Firmware security, why it matters and how you can have it

C1 | Wed 23 Jan | 1:30 p.m.–2:15 p.m.


Presented by

  • Matthew Garrett
    @mjg59

    Matthew Garrett is a security developer at Google, specialising in Linux and firmware. He is very interested in ensuring that users retain control of their computers without having to compromise their security.

Abstract

A system is only as secure as the least secure component it depends on. Hardening the kernel is a vital part of developing a secure operating system, but if the firmware underneath the kernel is insecure then attackers have an opportunity to sidestep your security and compromise you anyway. Firmware security research is a rapidly growing field, but the wider world is unaware of a lot of the output.

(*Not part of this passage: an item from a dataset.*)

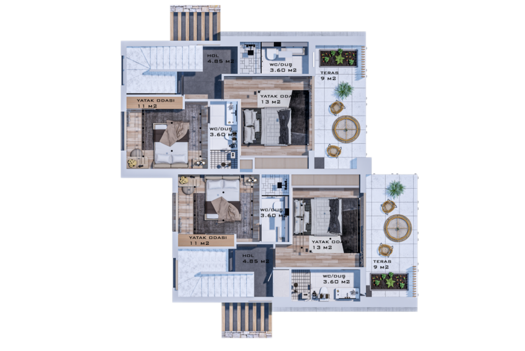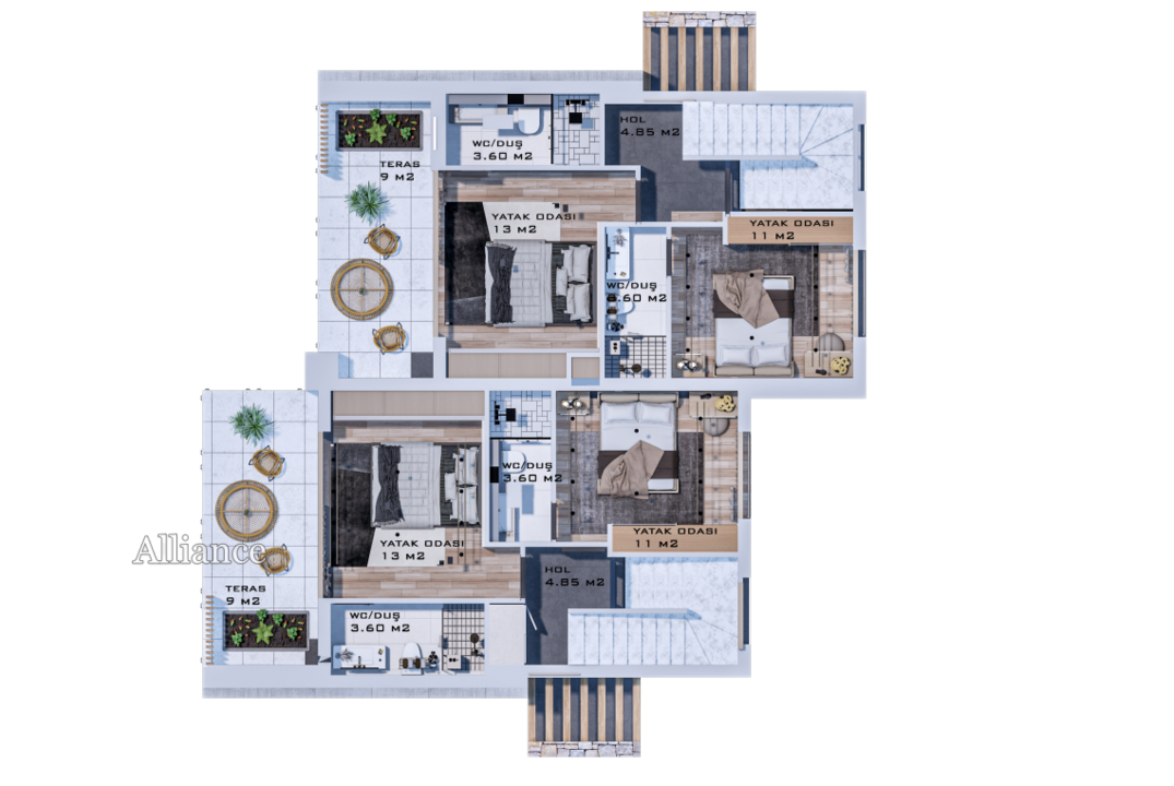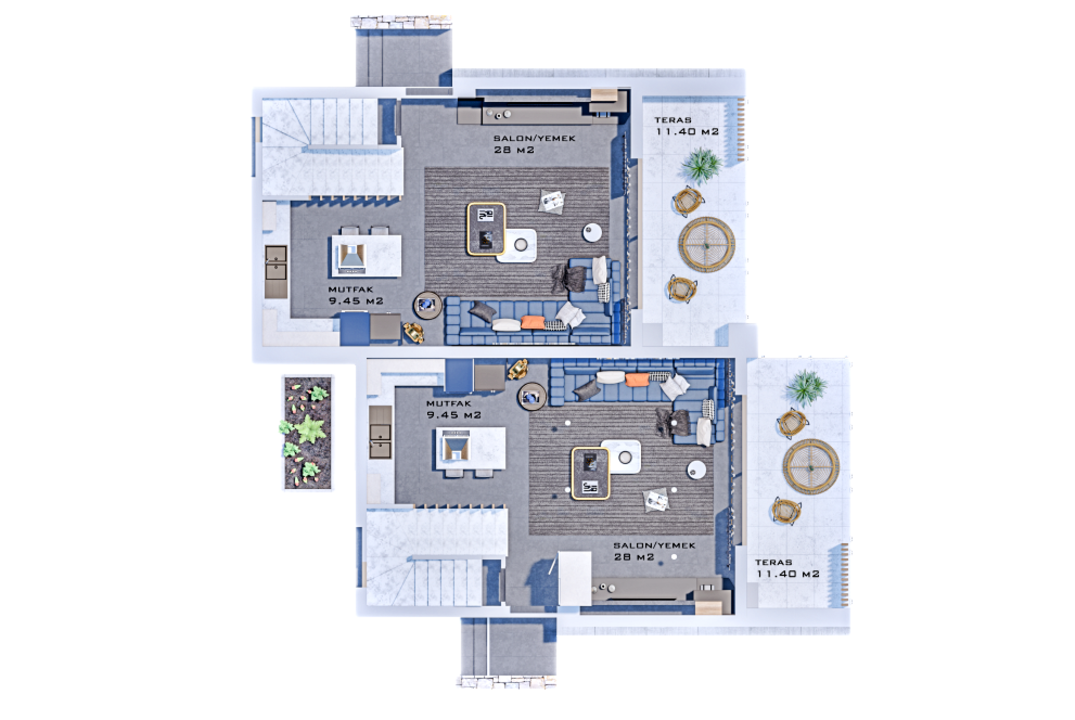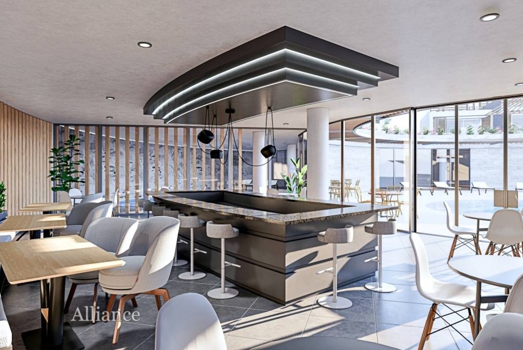The exquisite apartments are rented out with full finishes and excellent interior design and open living areas, designed by a company that has won numerous awards in the real estate industry. Each apartment amazes with attention to every detail. The entire resort complex has been designed in perfect harmony with the Mediterranean architecture and geographical location All residences are of impeccable quality: large entrance doors with appropriate fittings and locking systems, and marble floors of the highest quality.
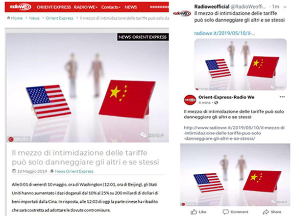 意大利Radio We电台网站(facebook账号、twitter账号)5月10日转发

Over recent users we've seen vulnerabilities involving exploitation of code running in system management mode, taking advantage of firmware-level hardware initialisation scripts run on resume from suspend, and even compromise of the management engine - an entirely separate computer that lives inside your chipset. There's a huge amount of work being done to improve this, but you probably haven't heard about it. This presentation will cover how the state of the art is shifting, along with a discussion of how much of this applies to projects such as Coreboot and Libreboot and whether it's possible to obtain the same level of security without compromising the freedom to run whatever you want on your system.